◆ Problem to work on ◆
Starting at the line that contains "The next morning, the" and stopping at the line that contains "Духовку нагреваем до", restate each line of the records below exactly. Omit the pictures.

◆ Source information ◆
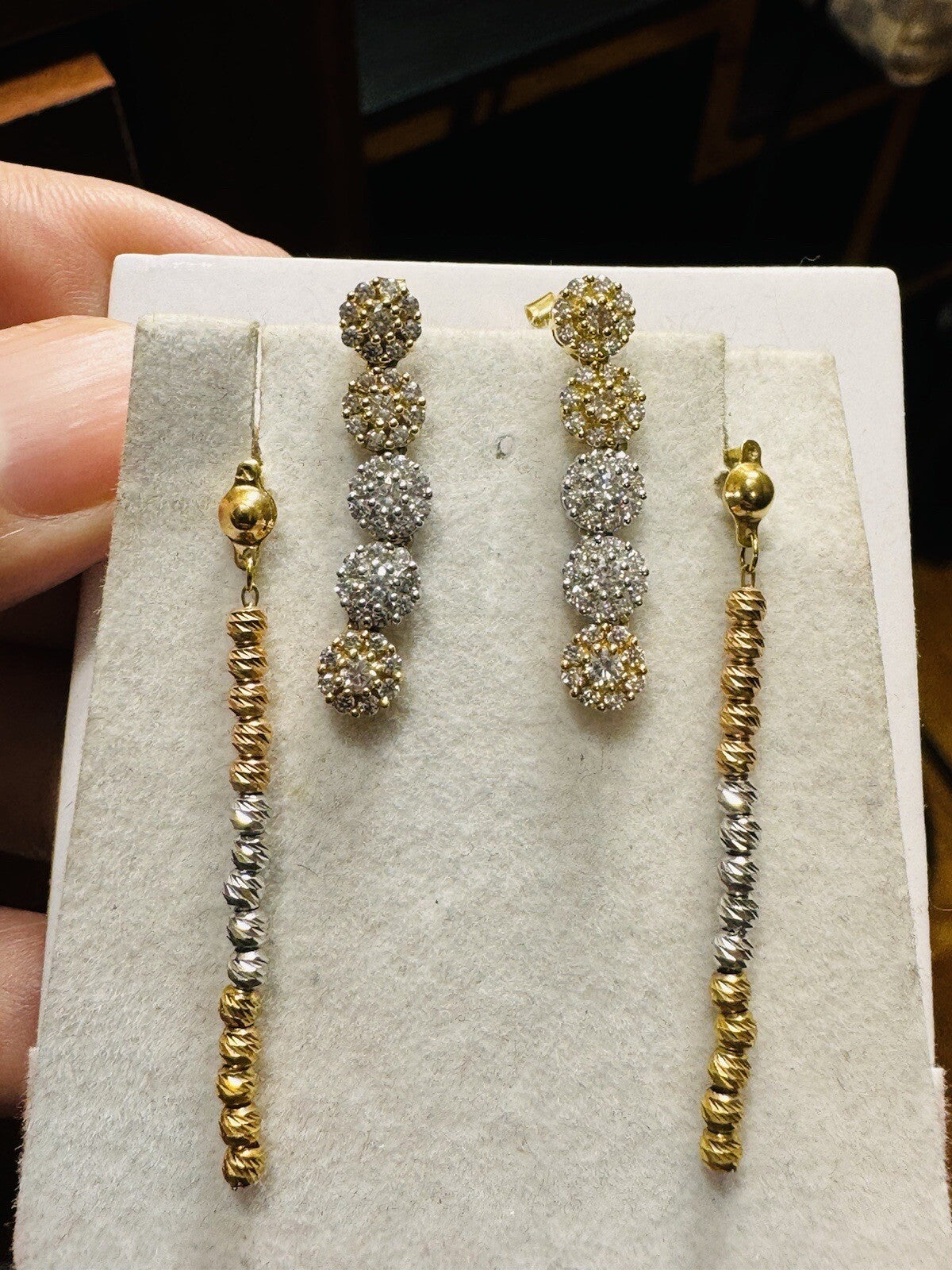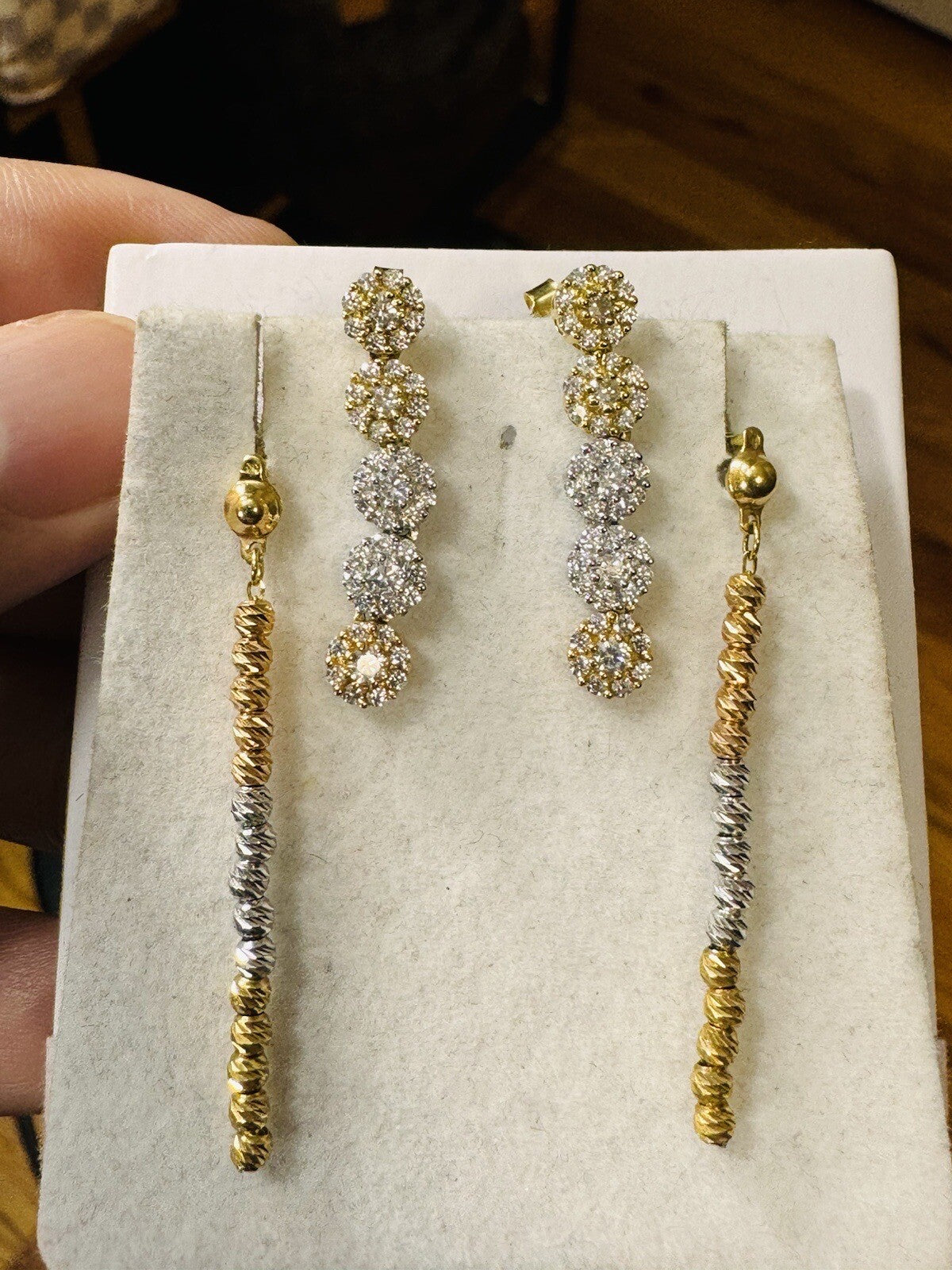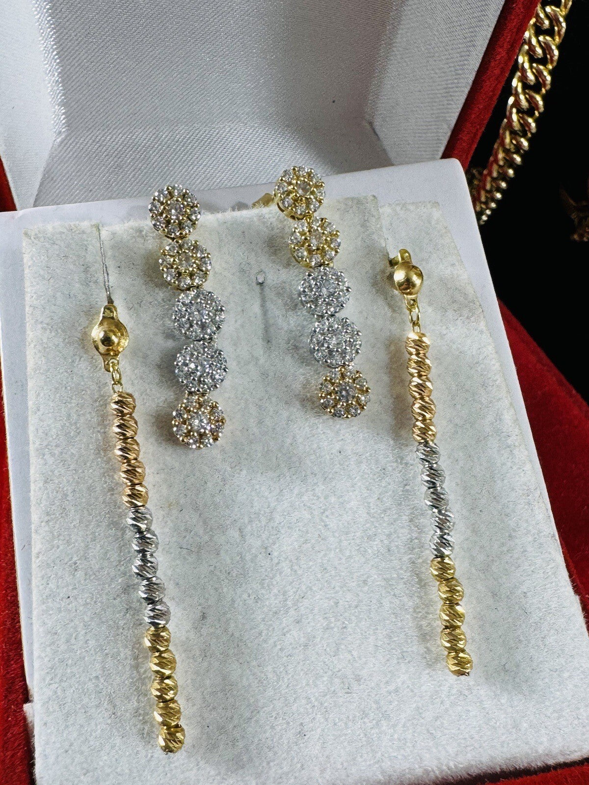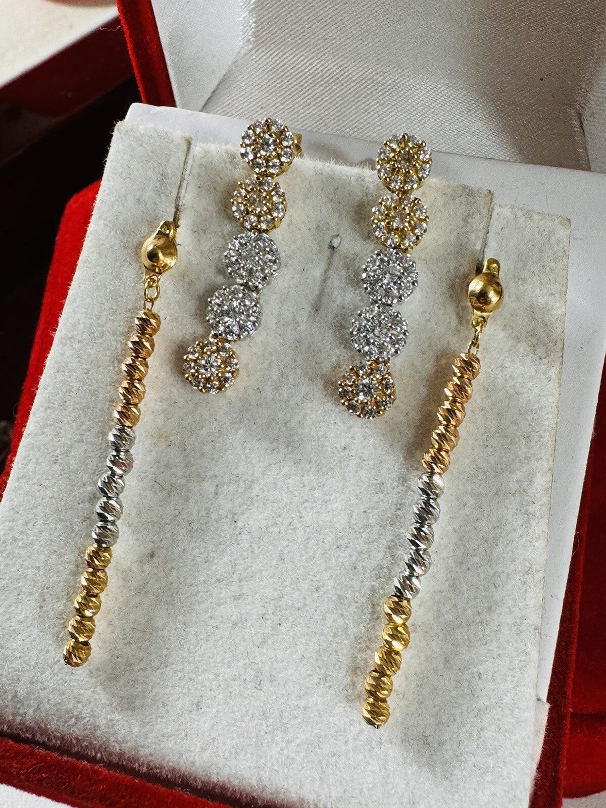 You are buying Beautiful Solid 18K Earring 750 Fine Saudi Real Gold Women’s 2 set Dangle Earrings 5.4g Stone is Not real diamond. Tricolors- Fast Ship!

==

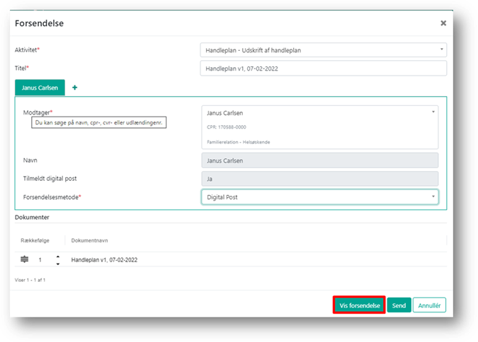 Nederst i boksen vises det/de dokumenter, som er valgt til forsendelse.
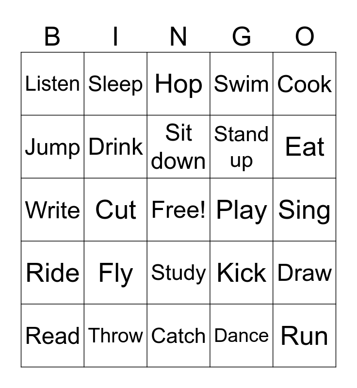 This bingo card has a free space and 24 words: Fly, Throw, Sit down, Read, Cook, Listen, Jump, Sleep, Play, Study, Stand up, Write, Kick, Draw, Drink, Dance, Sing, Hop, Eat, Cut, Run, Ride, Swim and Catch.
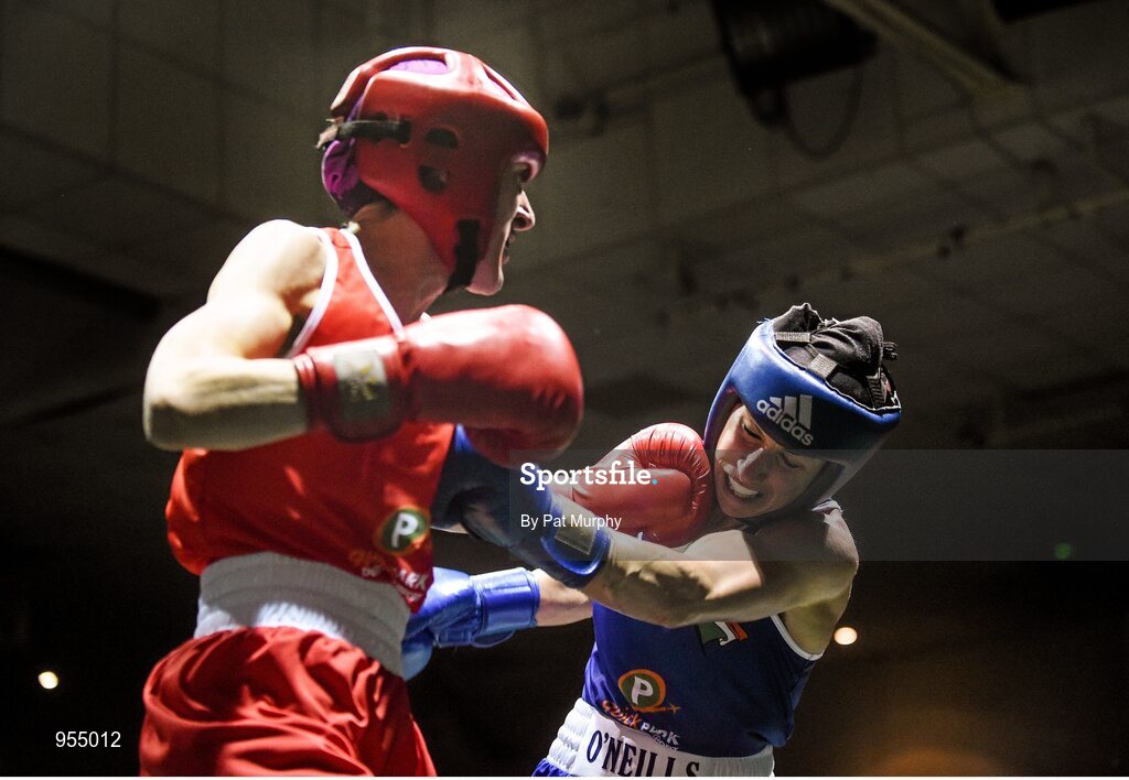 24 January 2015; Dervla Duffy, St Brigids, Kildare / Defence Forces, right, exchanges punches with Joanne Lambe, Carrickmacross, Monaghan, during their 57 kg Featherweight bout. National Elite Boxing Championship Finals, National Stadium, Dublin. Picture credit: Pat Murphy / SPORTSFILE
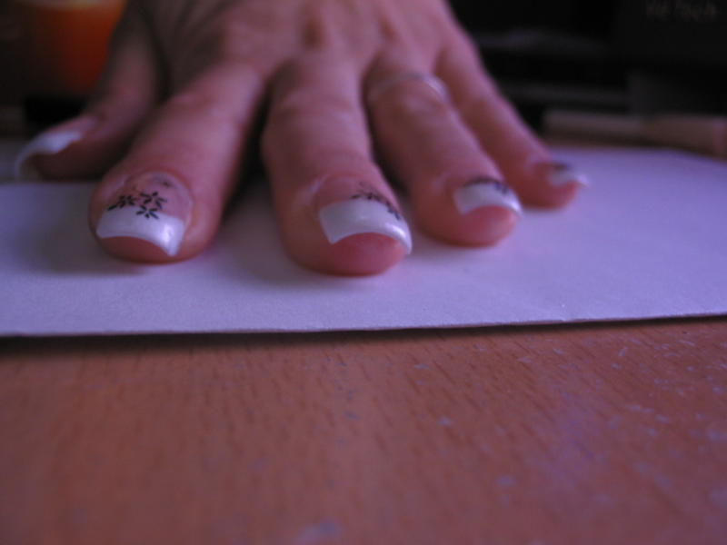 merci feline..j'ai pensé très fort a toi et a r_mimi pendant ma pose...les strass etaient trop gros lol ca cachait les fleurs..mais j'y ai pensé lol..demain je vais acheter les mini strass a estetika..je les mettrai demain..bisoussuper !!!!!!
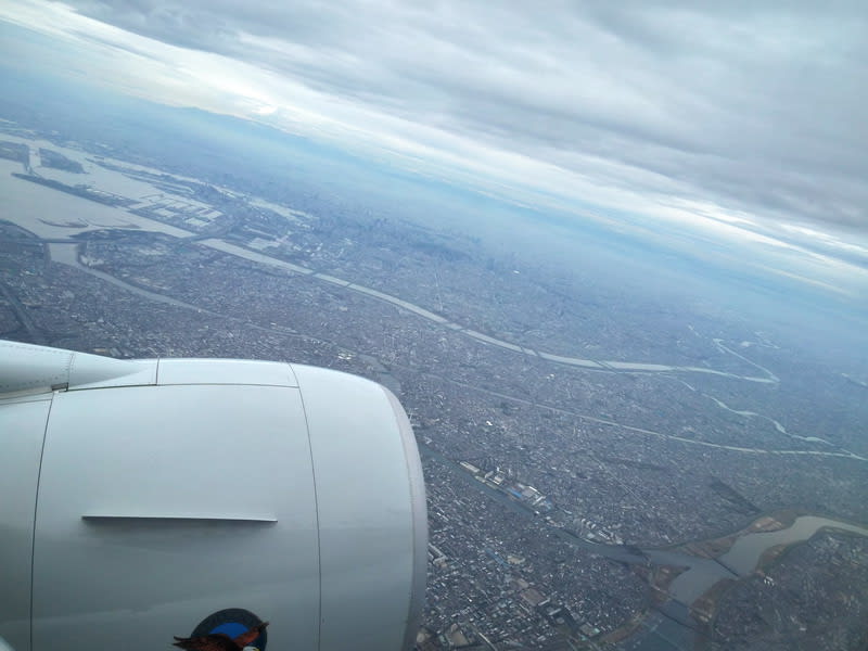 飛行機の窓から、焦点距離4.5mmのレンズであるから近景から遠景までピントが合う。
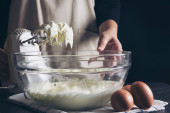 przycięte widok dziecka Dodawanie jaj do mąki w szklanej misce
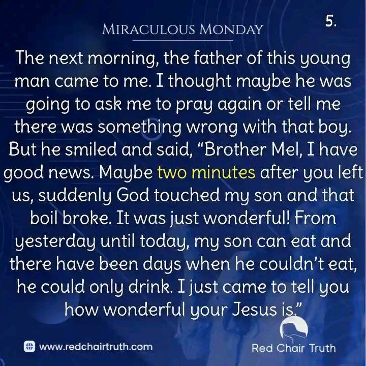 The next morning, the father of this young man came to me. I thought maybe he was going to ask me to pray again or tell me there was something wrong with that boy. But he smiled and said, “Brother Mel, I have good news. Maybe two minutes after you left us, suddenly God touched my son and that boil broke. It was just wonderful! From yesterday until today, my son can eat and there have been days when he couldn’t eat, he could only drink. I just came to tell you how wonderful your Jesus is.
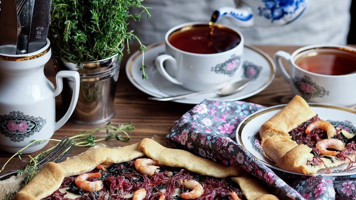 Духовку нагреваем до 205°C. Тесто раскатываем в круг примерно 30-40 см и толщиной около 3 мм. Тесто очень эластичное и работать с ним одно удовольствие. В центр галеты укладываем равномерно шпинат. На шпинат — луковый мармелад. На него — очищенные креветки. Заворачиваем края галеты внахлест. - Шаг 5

◆ Answer space ◆
 The next morning, the father of this young man came to me. I thought maybe he was going to ask me to pray again or tell me there was something wrong with that boy. But he smiled and said, “Brother Mel, I have good news. Maybe two minutes after you left us, suddenly God touched my son and that boil broke. It was just wonderful! From yesterday until today, my son can eat and there have been days when he couldn’t eat, he could only drink. I just came to tell you how wonderful your Jesus is.
 Духовку нагреваем до 205°C. Тесто раскатываем в круг примерно 30-40 см и толщиной около 3 мм. Тесто очень эластичное и работать с ним одно удовольствие. В центр галеты укладываем равномерно шпинат. На шпинат — луковый мармелад. На него — очищенные креветки. Заворачиваем края галеты внахлест. - Шаг 5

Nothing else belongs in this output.